The ongoing Luas dispute continues to cause headaches for commuters, with more strikes planned.

Image: Eamonn Farrell

IT’S BEEN ONE of the biggest stories of the year and it shows no signs of a resolution.

The ongoing Luas dispute continues to cause headaches for commuters, with more strike days planned this month and next.

Workers are looking for better pay and conditions, including improvements to sick pay, shift durations, pension arrangements and overtime rates.

Negotiations have been very on-off in recent months, with no end in sight.

In the latest twist, Transdev has suspended the sick pay scheme for Luas workers and warned drivers if they proceed with planned four-hour stoppages due to take place in the coming weeks they will be docked a full day’s pay.

The absence rate for drivers is currently running at approximately 12%, compared to an absence figure of about 4.5% last year.

Siptu organiser Owen Reidy told Today with Seán O’Rourke Transdev’s behaviour is forcing workers to continue their action.

“All they are doing is pouring fuel on the fire and making a difficult situation worse,” he said.

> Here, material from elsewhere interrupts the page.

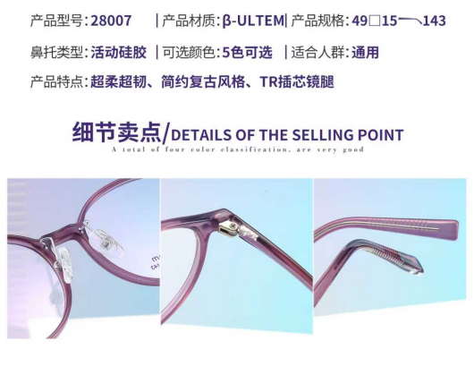 3,眼鏡框不僅用於矯正視力問題,如近視、遠視、散光等,還成爲了一種時尚的附屬品。因此廠家提供了多種鏡框顔色來滿足我們的搭配需求。這很好的解決了我們日常妝容、服飾與鏡框顔色的搭配難題。

In reply, Transdev’s managing director Gerry Madden told the News at One the company had made drivers “very reasonable offers” and is “trying desperately to do a deal and be reasonable”.

As members of the public face the prospect of more service disruptions, we take a look at some of the key events that have taken place in the dispute so far this year.

January

Luas drivers voted overwhelmingly in favour of strike action, with a Siptu representative saying that 24 or 48 hour stoppages were “quite likely”. Some 221 of the 223 employees who took part in the ballot voted in favour of industrial action.

Drivers were essentially seeking pay parity with Irish Rail drivers. Currently, the top Luas salary after 10 years of service is around €42,000. Siptu was calling for an increase in the starting salary to €35,000 – up from €32,000, rising to €60,000 after 10 years.

Reidy said at the time: “In talks over the last 18 months, Transdev has failed to offer an increase in pay for the next five years to Luas workers. The company position in talks in all forums has been that it will only offer pay increases in line with the Consumer Price Index (CPI).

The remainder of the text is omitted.